Is there anything out there where Wilkes Booth doesn't succeed and then the supposition becomes how Reconstruction went under the way Lincoln intended? What does a United States guided by Lincoln in the post Civil War years look like..

I thought that was what I was answering.  Nope. And for those reasons.  Nobody can or even wants to, really, imagine a US in which the political battles set off by his death, in which Grant wasn't distracted by holding the Union victory together in D.C. instead of overseeing Reconstruction, and working in tandem with a sensible person.  No one could ever employ 'sensible' to describe the real drunk in this story, Andrew Johnson -- something Chernow seems not to have noticed.
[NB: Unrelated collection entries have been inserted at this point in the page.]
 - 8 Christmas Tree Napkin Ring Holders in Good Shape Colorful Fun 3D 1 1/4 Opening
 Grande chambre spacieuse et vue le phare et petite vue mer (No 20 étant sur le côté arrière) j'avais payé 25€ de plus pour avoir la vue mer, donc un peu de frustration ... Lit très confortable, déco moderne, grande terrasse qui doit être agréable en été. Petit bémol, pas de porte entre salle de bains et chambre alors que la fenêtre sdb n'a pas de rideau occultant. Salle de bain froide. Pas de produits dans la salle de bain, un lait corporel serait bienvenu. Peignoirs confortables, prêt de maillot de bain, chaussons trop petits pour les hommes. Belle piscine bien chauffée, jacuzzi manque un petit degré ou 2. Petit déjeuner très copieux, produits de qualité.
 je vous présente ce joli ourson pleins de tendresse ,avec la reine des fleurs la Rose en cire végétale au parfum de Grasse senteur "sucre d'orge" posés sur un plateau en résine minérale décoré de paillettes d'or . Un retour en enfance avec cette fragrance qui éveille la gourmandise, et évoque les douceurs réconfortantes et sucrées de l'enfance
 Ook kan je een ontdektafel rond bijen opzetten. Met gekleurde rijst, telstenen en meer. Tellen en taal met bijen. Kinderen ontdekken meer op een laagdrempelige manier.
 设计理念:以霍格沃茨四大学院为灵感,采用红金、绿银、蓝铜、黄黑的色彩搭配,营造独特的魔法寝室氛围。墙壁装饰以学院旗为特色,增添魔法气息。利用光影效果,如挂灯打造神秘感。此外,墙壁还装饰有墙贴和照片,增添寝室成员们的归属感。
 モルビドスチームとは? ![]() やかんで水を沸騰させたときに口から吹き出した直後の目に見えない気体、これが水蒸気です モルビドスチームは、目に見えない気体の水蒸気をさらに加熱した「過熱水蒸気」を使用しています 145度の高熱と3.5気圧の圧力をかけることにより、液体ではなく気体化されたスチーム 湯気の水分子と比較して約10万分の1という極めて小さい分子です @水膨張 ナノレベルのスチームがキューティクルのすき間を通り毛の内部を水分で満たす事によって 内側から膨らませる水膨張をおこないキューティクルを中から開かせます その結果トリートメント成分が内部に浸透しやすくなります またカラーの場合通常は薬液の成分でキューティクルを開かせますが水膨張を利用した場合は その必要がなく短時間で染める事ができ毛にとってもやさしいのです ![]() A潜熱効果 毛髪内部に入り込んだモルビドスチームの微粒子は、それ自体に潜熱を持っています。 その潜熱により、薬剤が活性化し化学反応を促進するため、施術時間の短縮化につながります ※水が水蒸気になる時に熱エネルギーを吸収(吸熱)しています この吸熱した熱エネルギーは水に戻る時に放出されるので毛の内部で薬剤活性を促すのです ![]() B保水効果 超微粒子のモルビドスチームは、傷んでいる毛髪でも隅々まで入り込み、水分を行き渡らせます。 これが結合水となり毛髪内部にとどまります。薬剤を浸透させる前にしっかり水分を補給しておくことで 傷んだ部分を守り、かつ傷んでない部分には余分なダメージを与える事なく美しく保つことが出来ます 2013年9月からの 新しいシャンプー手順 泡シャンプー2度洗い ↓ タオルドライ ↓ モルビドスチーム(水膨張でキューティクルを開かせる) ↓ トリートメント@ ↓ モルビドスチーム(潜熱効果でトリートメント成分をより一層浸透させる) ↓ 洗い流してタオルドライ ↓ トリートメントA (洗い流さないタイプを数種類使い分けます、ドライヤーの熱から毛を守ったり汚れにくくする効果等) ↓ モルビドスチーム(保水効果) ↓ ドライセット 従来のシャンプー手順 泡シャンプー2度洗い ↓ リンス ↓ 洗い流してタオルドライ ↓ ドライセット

The Chernow bio was ... disappointing, shall we say?  This is the best Grant bio I have read:

American Ulysses: A Life of Ulysses S. Grant by Ronald C. White Jr., (2016) who is a Canadian!  Chernow's Hamiliton was first rate plus included some original discoveries about Hamilton.  His Grant biography is a rehash of much older writers who had more than a whiff of Glorious Lost Cause about them.  

There is also Grant's own Memoirs.  A lot of people don't bother with the first part, which is the Mexican War, but it is just brilliant. Grant was such a good writer.  His editor/publisher, Mark Twain, was so impressed.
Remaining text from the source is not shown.